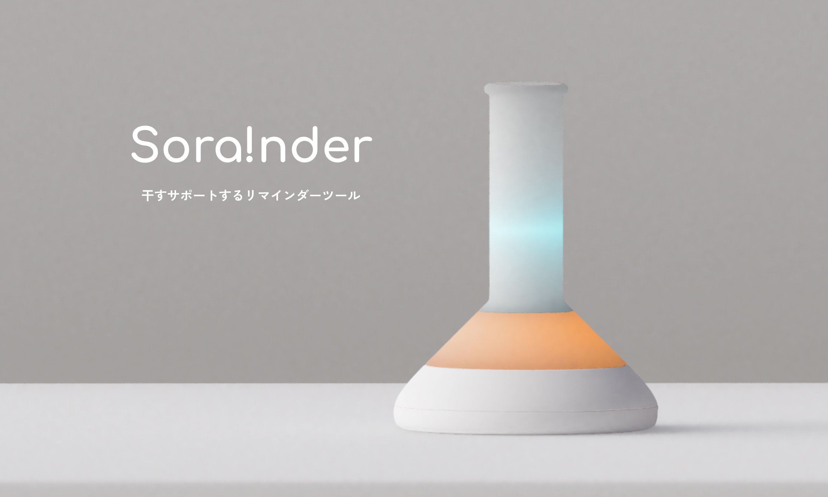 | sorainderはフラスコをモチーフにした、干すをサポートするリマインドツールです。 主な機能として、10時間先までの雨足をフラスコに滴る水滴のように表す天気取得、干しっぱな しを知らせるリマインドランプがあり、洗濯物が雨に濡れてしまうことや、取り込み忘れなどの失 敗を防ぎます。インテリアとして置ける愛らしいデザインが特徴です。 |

...

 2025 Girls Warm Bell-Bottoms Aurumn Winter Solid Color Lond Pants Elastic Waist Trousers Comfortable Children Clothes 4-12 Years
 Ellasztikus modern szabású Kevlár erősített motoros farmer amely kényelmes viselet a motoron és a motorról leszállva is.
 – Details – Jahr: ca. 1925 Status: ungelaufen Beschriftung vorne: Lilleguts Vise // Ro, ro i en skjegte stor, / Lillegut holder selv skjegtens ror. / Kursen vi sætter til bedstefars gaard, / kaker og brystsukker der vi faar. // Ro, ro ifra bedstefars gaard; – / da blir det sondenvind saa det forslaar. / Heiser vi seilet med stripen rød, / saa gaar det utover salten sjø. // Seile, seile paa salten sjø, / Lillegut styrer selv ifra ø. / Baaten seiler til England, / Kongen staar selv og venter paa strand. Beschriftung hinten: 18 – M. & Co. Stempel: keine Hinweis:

EXERCISE:
Your answer should consist solely of the lines above from the line with "Ellasztikus modern szabású" to the line with "Jahr: ca. 1925", both included, reproduced exactly.

RESULT OF THE EXERCISE:
 Ellasztikus modern szabású Kevlár erősített motoros farmer amely kényelmes viselet a motoron és a motorról leszállva is.
 – Details – Jahr: ca. 1925 Status: ungelaufen Beschriftung vorne: Lilleguts Vise // Ro, ro i en skjegte stor, / Lillegut holder selv skjegtens ror. / Kursen vi sætter til bedstefars gaard, / kaker og brystsukker der vi faar. // Ro, ro ifra bedstefars gaard; – / da blir det sondenvind saa det forslaar. / Heiser vi seilet med stripen rød, / saa gaar det utover salten sjø. // Seile, seile paa salten sjø, / Lillegut styrer selv ifra ø. / Baaten seiler til England, / Kongen staar selv og venter paa strand. Beschriftung hinten: 18 – M. & Co. Stempel: keine Hinweis:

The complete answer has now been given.